[Opening Available data section]
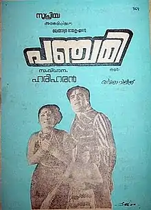 Panchami is a 1976 Indian Malayalam-language film written by Malayattoor Ramakrishnan, directed by Hariharan and produced by Hari Pothan under the banner of Supriya. The film stars Prem Nazir, Jayan, Jayabharathi and Adoor Bhasi in lead roles. The film has musical score by M. S. Viswanathan, while cinematography was handled by Melli Irani. The film was a commercial success at the box office. The film is also noted for being Jayan's breakthrough role.[1][2][3][4]
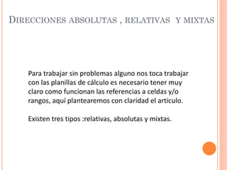Este documento explica los tres tipos de referencias en hojas de cálculo: referencias relativas, absolutas y mixtas. Las referencias relativas cambian automáticamente cuando se mueve o copia la fórmula, las absolutas permanecen fijas, y las mixtas tienen una parte fija y otra variable. Se proveen ejemplos para ilustrar cada tipo de referencia.
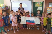 В преддверии празднования Дня России в старшей-подготовительной группе прошло тематическое мероприятие "Наша родина-Россия". Дети ещё раз вспомнили символы нашей страны, посмотрели мультфильм "Мы живём в России", играли в игру "Собери флаг", смастерили коллективный коллаж "Российский триколор". А на прогулке рисунками на асфальте, украсили территорию детского сада. -
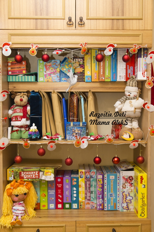 задания адвент в этом году на полке, а не под елкой (Ярослава бы все конверты открыла за 5 минут )))) ).
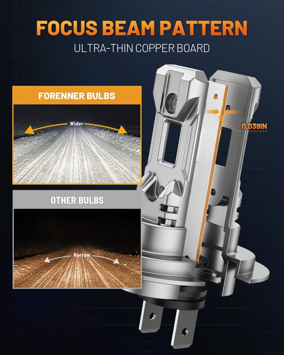 【Huge Improvement in Visibility】Forenner H7 fog light bulbs are equipped with Latest chips which provide 600% brighter than OEM bulbs, allowing you to see farther and react sooner. 6500K cool white light provides more comfortable and safer lighting.. 【3-Min Installation】Our H7 fog light bulb is designed 1:1 size with original bulbs, no extra adapter needed, no external driver, no extended bulb base, and no need to modify the dust cover. You can finish the installation in 3 minutes.. 【Perfect Beam Pattern】The H7 precisely mimics the position of the original bulb filament with 0.03in ultra-thin chip spacing just the same light pattern as stock bulbs to focus down the road with no dark spots or scattered light. Not dazzling to oncoming drivers….
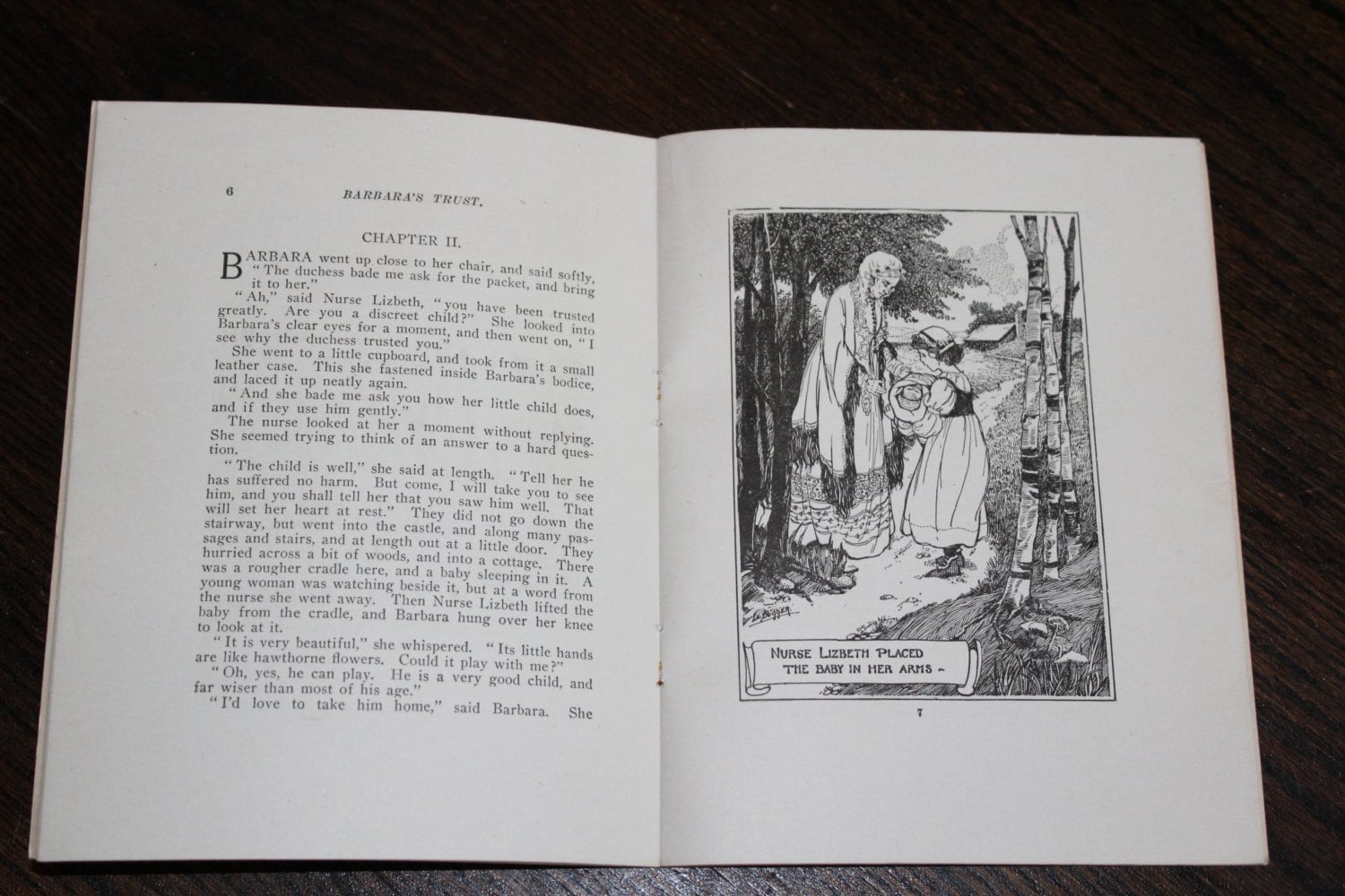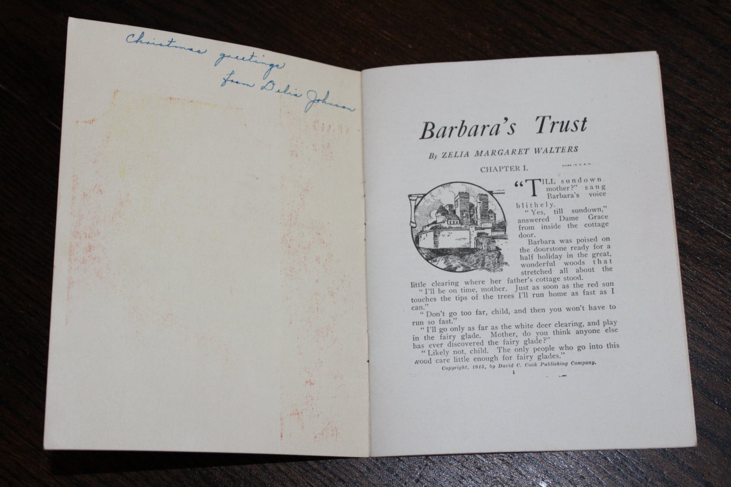 Antique 1913 paperback book, Barbara's Trust by Zelia Margaret Walters. The book measures 6 3/4" x 5 1/8" and has 16 pages. Overall good condition with minor cover staining. Enjoy!
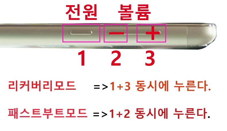전원과 볼륨+ 키를 동시에 눌러 준다.
[Closing Available data section]
• Task prompt: After locating the line containing "Antique 1913 paperback" in the entries above, repeat only it and each later line through the end, exactly, without any pictures.

• Answer to this exercise:
 Antique 1913 paperback book, Barbara's Trust by Zelia Margaret Walters. The book measures 6 3/4" x 5 1/8" and has 16 pages. Overall good condition with minor cover staining. Enjoy!
전원과 볼륨+ 키를 동시에 눌러 준다.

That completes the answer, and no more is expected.